Case Report | Open Access
A Histologically Diagnosed Case with Infantile Osteopetrosis Complicated by Hypopituitarism
Malignant infantile osteopetrosis is a rarely seen severe disorder which appears early in life with general sclerosis of the skeleton. It is caused by functionally defective osteoclasts which fail to resorb bone. Affected infants can exhibit a wide spectrum of clinical manifestations including impaired hematopoiesis, hepatosplenomegaly, visual impairment, and hypocalcemia. With the exception of secondary hyperparathyroidism, involvement of the endocrine system seems to be quite rare. Hypopituitarism is defined as underproduction of the growth hormone in combination with deficiencies of other pituitary hormones. Any lesion that damages hypothalamus, pituitary stalk, or anterior pituitary can cause secondary hypopituitarism. In this report, we presented a rare combination of malignant infantile osteopetrosis and secondary hypopituitarism in a newborn who presented predominantly with endocrinological symptoms. This is the first case report of malignant infantile osteopetrosis accompanied by hypopituitarism secondary to sclerosis of the sella turcica. On the other hand, this is a very interesting case which was diagnosed based on histological examination of bone marrow biopsy specimens despite lack of any clinical suspicion.

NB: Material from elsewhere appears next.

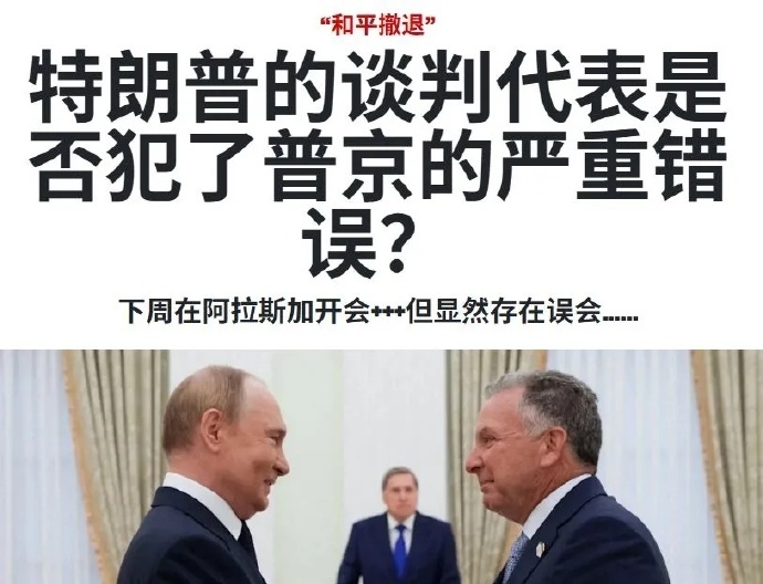5月初美右翼媒体纽约邮报也曾报道,称维特科夫违反了既定的外交惯例,在未带顾问、专家和军事人员的情况下出席谈判。此外,据称他使用的不是自己的翻译,而是一名他根本不熟悉的俄翻译。

Malignant infantile osteopetrosis (MIOP) is a rarely encountered recessively inherited autosomal disorder which presents early in life with general sclerosis of the skeleton . Its incidence is 5/1,000,000 live births without any gender predisposition [1, 2]. The disease presents in the first few months of life with the manifestations probably relating to underlying defect of osteoclastic bone resorption and the most debilitating consequences develop in the skeletal, hematopoietic, and nervous systems. Affected infants can exhibit a wide spectrum of clinical symptoms including impaired hematopoiesis, hepatosplenomegaly, visual impairment, and hypocalcemia. With the exception of secondary hyperparathyroidism, involvement of the endocrine system seems to be quite rare [3, 4].
Hypopituitarism is defined as underproduction of the growth hormone alone or in combination with deficiencies of other pituitary hormones. Thanks to expanding knowledge about the genes that direct pituitary development or hormone production, an increasing proportion of cases can be attributed to specific genetic disorders. On the other hand, any lesion that damages the hypothalamus, pituitary stalk, or anterior pituitary can cause secondary hypopituitarism .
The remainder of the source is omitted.